Problem to solve:
From the entries below, print exactly the span beginning with the line holding "RS men Boxy" and ending with the line holding "PAKAIAN ANAK LUCU", endpoints included, and skip any pictures.

Provided records:

>>

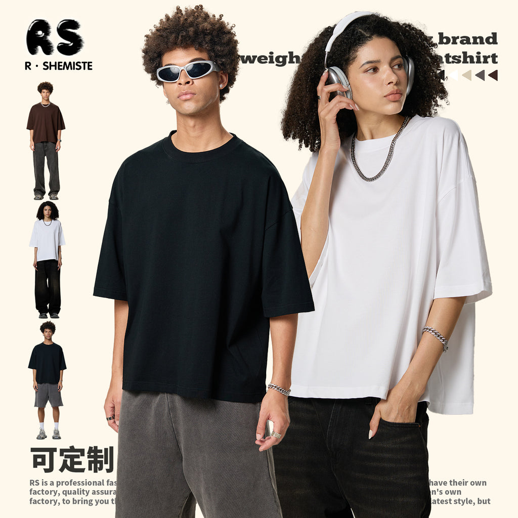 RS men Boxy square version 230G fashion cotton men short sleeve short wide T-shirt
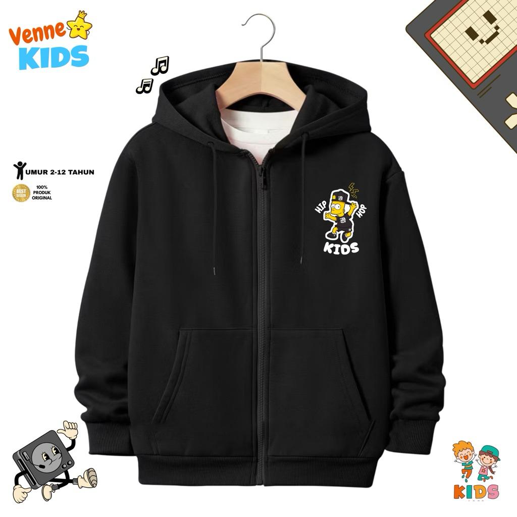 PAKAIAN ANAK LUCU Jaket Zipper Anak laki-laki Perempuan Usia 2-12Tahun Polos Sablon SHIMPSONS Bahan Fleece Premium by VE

<<
>>

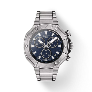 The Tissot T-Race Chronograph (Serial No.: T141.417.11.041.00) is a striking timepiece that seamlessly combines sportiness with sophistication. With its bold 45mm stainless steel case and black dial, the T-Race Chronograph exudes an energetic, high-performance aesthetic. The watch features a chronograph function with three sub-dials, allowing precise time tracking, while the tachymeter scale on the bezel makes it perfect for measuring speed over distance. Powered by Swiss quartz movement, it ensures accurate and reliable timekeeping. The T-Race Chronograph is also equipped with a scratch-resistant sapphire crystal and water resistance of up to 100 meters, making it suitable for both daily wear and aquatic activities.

<<

Solution to this problem:
 RS men Boxy square version 230G fashion cotton men short sleeve short wide T-shirt
 PAKAIAN ANAK LUCU Jaket Zipper Anak laki-laki Perempuan Usia 2-12Tahun Polos Sablon SHIMPSONS Bahan Fleece Premium by VE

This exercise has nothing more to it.